| INPUT FOR THIS TASK |

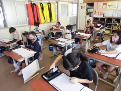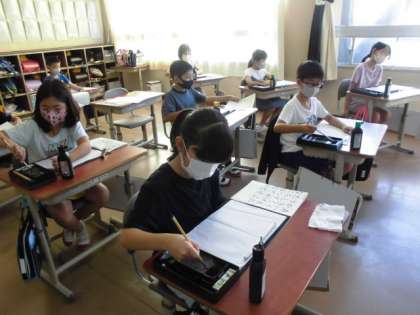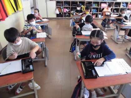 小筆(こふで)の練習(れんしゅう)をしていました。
---
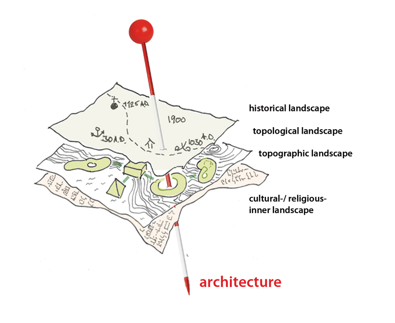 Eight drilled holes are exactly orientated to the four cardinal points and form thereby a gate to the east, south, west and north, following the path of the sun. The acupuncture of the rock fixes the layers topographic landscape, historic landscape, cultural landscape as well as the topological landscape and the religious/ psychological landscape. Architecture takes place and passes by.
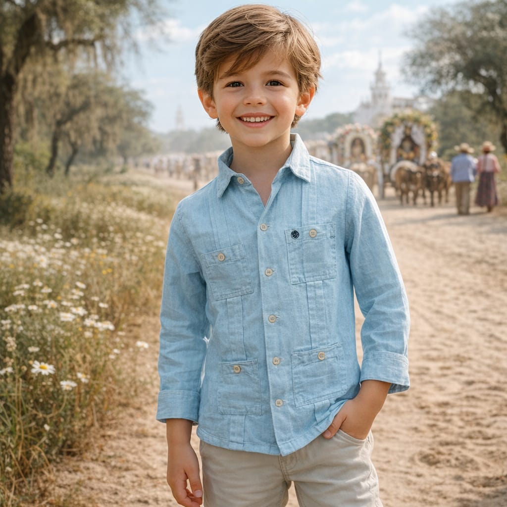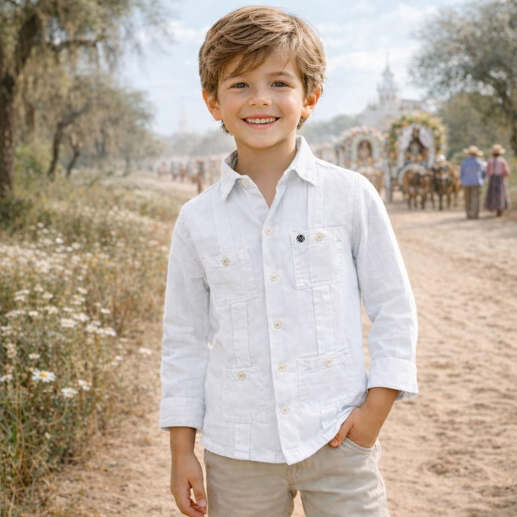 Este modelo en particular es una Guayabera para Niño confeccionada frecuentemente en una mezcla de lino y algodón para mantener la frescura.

| WHAT YOU HAVE TO DO |
Leaving all pictures out, output exactly the lines of the material above from the line with "Eight drilled holes" to the line with "Este modelo en", both included.

| SOLUTION TO THE EXERCISE |
 Eight drilled holes are exactly orientated to the four cardinal points and form thereby a gate to the east, south, west and north, following the path of the sun. The acupuncture of the rock fixes the layers topographic landscape, historic landscape, cultural landscape as well as the topological landscape and the religious/ psychological landscape. Architecture takes place and passes by.
 Este modelo en particular es una Guayabera para Niño confeccionada frecuentemente en una mezcla de lino y algodón para mantener la frescura.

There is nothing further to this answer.